Session 9. Insolation meter construction

Total time:

2 hours

Objectives:

* To build and use a simple insolation meter
* To begin to gather data on insolation for future application to solar projects

Resources:

* Anderson, Bruce, The Solar Home Book, pp. 58-62, 173-174
* Mazeia, Edward, The Passive Solar Energy Book, pp. 13-20
* Baer, Steve, Sunspots, pp. 118-125
* Attachment II-9-A, "Insolation Meter Data Collection Sheet"
* Attachment II-9-B, "Insolation Meter"

Materials:

Newsprint and felt-tip pens, metric scale 0-30 kg, thermometers (0°C), tape (or other fasteners), saws or knives, insulating material (rigid foam insulation, straw, newspaper, etc.), clear glazing material (glass, vinyl, etc.), 20-liter tin cans or other containers, flat black paint, paint brushes, paint thinner, sample insolation meter

Procedures:

Step 1. (10 minutes)
Begin the session by posting the words "Insolation Meter" on newsprint and asking the participants to define "insolation" and "insolation meter."

Step 2. (5 minutes)
Facilitate a brief discussion of the terms "units of insolation" and "kilogram calorie," and provide an overview of the different units of measuring insolation in different countries.

Step 3. (5 minutes)
Display the sample insolation meter. Have the participants discuss how to locate and align the insolation meter.

Trainer Notes

It is important that the participants discuss these three basic guidelines for location and alignment

The insolation meter should:

1. Be placed in a good potential solar site with maximum expo sure to the sun year-round.
2. Face the equator;
3. Be tilted to maximize insolation (See Phase III: Session 2, "Path of the Sun").

Step 4. (5 minutes)
Explain the basic guidelines for collecting data from an insolation meter.

Trainer Notes

Point out that in order to collect data from the insolation meter:

* The glazing area should be covered, with the exception of a one or two hour period when data are being collected.

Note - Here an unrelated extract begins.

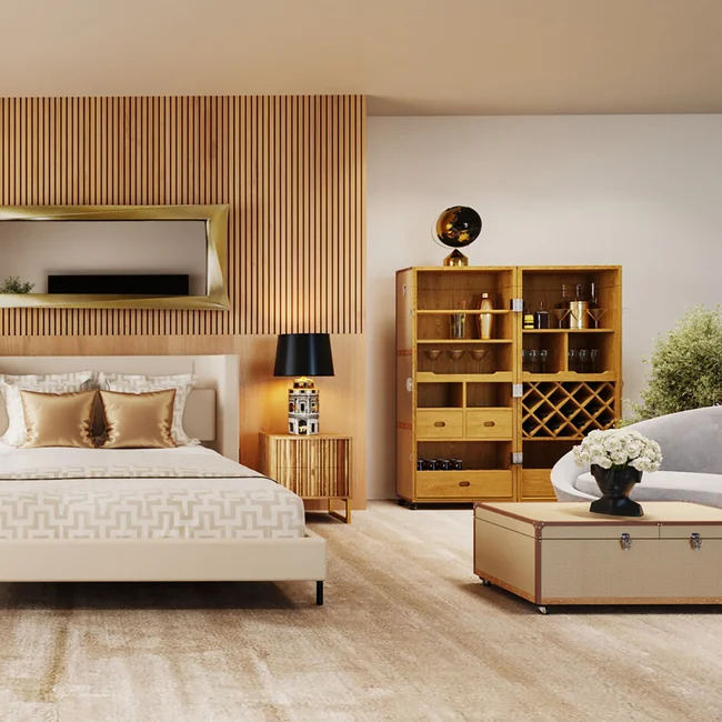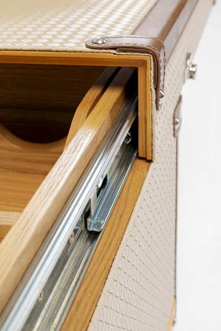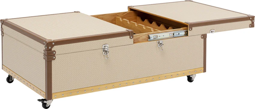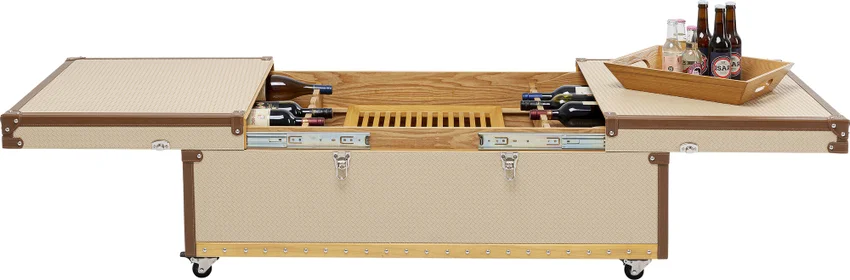 Hur kan funktionalitet, plats-besparande lösningar och stil kombineras? Genom möbler med utseendet som resväskor på hjul, iklädd en haute couture-outfit! Med kollektionen Old New York kan du tillföra stil till ditt vardagsrum. Ytan på soffbordet har ett lättskött textilöverdrag i en elegant flätad look. Den kreativa designen, inspirerad av formen på en oceangående koffert, gör bordet till en riktig höjdpunkt. Detta rektangulära soffbord kommer att skära en snygg figur i vardagsrummet. Inuti rymmer den alla redskap för din hemmabar. Praktiska hjul gör den mobil, mångsidig och funktionell. Detta soffbord är ett måste för alla som vill kombinera modern design med funktionalitet.

* The insolation meter works best at low water temperatures and for short exposure periods (overheated water and heat loss from the meter will cause the data to be misleading).

* Water temperatures should be recorded twice during each test period -- at the beginning and at the end.

* The difference between these two temperatures is referred to as "T" or "Delta Tee."

* Data should be recorded on the "Insolation Meter Data Collection Sheet."

Step 5. (10 minutes)
Distribute Attachment II-3A and allow time for the participants to review it as well as the accompanying sample sheet.

Trainer Notes

Review each step of the sample sheet with the participants, answering any questions. Explain that they should be recording their data over the next several weeks and that this data will be applied during the solar phase of the training program.

Step 6. (90 minutes)
Distribute Attachment II-9B, "Insolation Meter.'' Have the participants form small work groups of 2 to 4 people and build and place an insolation meter.

Trainer Notes

Be sure there are adequate building materials for each work group. Post the following checklist for the construction and use of an insolation meter:

____Paint at least one face of the can flatblack.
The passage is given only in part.